Paul Simms: We’ve been productive all through the pandemic. When quarantine started, we were just really starting to edit Season 2 and so we had to figure out how to do all our editing, which we usually do a lot of editing, sound mixing, color correction. It’s a lot of people usually gathering in person. So we sort of figured out how to do it all remotely. And at the same time, we started writing Season 3, which we did via Zoom. The scripts were starting to come in and we got a really great season planned, but Zoom is an awful way to work, at least as far as a writers’ room goes. You want to be in there and talking and laughing at each other’s jokes, and Zoom just slows everything down, so that definitely made things harder. But then again, I have to say on a social level, we’re all so isolated, it was great to see everyone every day.
What were you looking for in the casting process?
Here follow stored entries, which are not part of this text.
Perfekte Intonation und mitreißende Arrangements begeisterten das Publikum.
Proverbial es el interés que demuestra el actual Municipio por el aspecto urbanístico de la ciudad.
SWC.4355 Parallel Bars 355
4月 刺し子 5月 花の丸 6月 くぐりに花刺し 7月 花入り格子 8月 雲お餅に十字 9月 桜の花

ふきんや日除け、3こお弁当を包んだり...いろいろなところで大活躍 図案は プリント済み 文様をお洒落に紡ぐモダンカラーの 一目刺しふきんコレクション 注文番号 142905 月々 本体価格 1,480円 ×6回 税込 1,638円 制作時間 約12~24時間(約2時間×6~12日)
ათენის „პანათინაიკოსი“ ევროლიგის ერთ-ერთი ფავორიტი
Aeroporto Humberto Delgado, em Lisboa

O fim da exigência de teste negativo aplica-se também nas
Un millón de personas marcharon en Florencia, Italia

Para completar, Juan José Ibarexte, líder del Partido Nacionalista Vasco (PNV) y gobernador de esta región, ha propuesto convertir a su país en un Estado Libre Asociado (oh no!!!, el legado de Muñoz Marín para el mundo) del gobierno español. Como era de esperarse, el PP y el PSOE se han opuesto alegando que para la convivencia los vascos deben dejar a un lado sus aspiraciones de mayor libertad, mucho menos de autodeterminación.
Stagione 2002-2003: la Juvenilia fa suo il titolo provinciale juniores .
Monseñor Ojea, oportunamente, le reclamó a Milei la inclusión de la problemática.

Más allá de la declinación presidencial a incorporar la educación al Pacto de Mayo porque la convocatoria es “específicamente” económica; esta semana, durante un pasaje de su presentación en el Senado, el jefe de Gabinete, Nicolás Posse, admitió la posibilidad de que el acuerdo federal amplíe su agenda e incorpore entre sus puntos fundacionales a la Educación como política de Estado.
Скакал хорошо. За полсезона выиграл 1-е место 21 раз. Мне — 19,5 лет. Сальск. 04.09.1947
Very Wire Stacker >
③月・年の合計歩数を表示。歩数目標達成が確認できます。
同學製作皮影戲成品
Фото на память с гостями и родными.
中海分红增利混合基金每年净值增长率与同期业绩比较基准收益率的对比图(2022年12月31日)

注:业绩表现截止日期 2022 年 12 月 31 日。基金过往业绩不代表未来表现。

SR: Mark [Proksch], Matt [Berry], Natasia [Demetriou], and Kayvan [Novak] all have pretty big sketch and comedy backgrounds, so they are no strangers to not only improv but creating characters and doing bigger, broader comedy bits. So I think that was helpful. PS: Audition-wise, especially with Kayvan and Natasia, when they came in, it wasn’t like them trying to guess what the part was supposed to be. They made strong choices. They didn’t go overboard, but they all sort of dressed [to the role] and I think Kayvan got fake fangs and worked on the voice they were gonna do. So it wasn’t those auditions where we’re like, “Can we try it again but maybe do something else?” It was like, “This is who it is.” It was a really strong choice, audition-wise.
In the audition process, did you find yourself giving notes on how to play a vampire?
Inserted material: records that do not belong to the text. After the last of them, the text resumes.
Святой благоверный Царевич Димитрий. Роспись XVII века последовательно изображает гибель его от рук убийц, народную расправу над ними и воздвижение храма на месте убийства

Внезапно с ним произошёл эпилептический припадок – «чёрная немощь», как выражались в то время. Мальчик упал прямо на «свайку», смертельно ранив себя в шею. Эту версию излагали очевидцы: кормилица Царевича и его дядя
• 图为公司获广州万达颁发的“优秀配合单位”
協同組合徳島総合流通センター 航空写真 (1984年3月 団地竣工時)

SR: I feel like we almost have more trouble finding people or directing people to be grounded. I think a lot of people understand what the show is and they know that it’s a comedy and it’s an ensemble comedy and we do do a lot of improv and it is big and funny in those ways. But I think the show really works its best when people know how to play the comedy but also can be as grounded and real as much as possible. Because the other layer of the show is that it is a mockumentary, and it’s our goal to make it feel as real as possible if we can.
What were some challenges of working on this show that were different from your other projects?
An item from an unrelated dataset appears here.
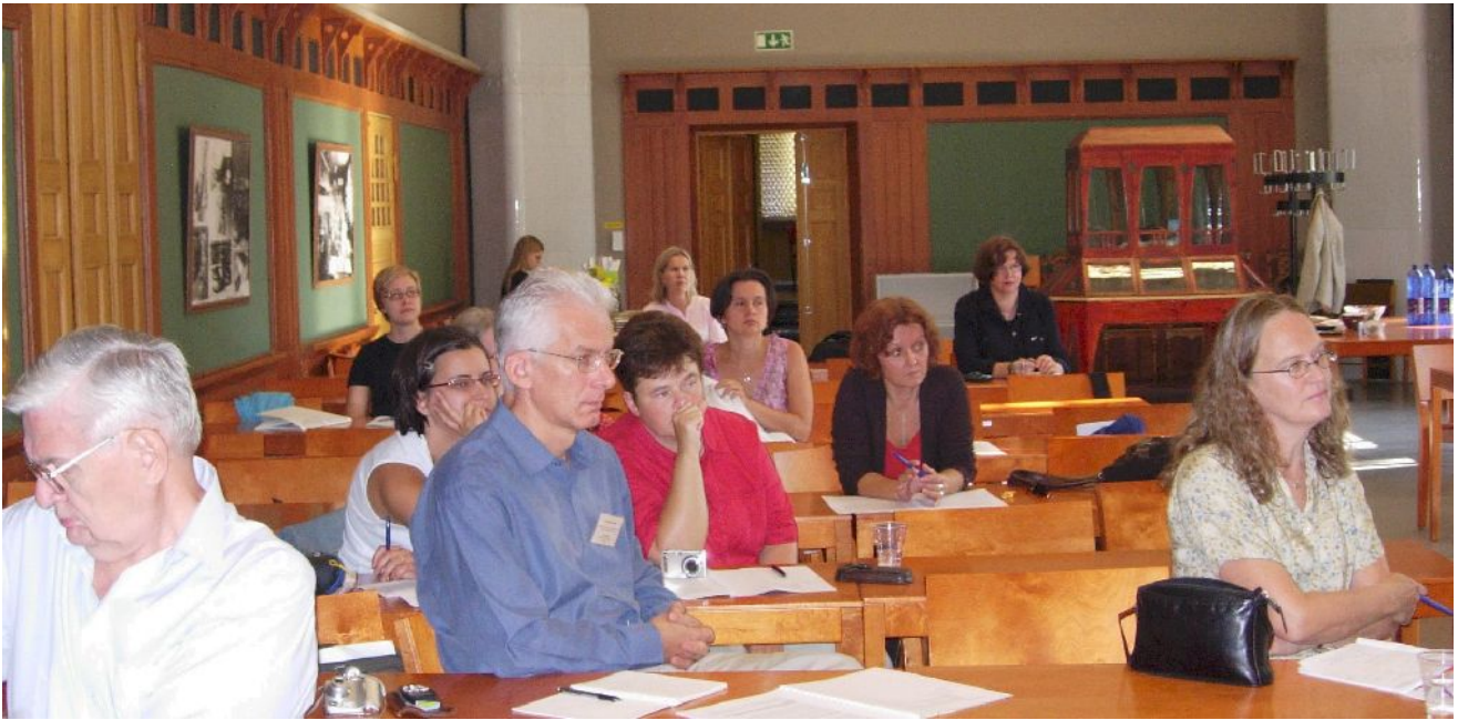
Symposiumin osallistujia esitystä kuuntelemassa.

seen osallistumismaksukäytäntöön. Toisena Suomen Akatemiankin esittämänä vaateena on lisääntyvä avoimuus, mikä tarkoittaa symposiumiin osallistumismahdollisuutta myös muille kuin unkarilaisille ja suomalaisille.

SR: Jemaine in particular is a real stickler when it comes to sticking to documentary rules. So as far as camera movements, as far as audio goes, as far as camera placement, we have our own set of challenges. Would a camera crew be floating in the air with the vampires when they’re flying? Would it make sense if they caught this moment? In that way, I think it’s tougher to write because we’ve written scenes that make sense dramatically on paper that are funny, but when we really get to the practicality of how we’re gonna shoot it we’re like, “This doesn’t make any sense because how would the camera crew even be here? Why would they be here?” All that kind of stuff, it’s a very, very narrow parameter that we have to adhere to. So in that way, it’s tough because every other show, whether it’s “Atlanta” or “Fargo,” you just write scenes and you shoot the scenes and you’re not worried about who’s where or “does this make sense” or “would this be real in the same way.”
What’s the best piece of writing advice you’ve received?
SR: It’s never gonna be perfect. I think for so long I thought that I had to nail a first draft and everything had to be exactly as it should be. I thought that if I was getting notes, then I was doing something wrong or that I had done something bad. But having been on the other side and actually working, you’re never done writing. We are writing up until we are literally shooting the scene, and sometimes as the scene is being shot we are writing or rewriting or finding a better way to do it.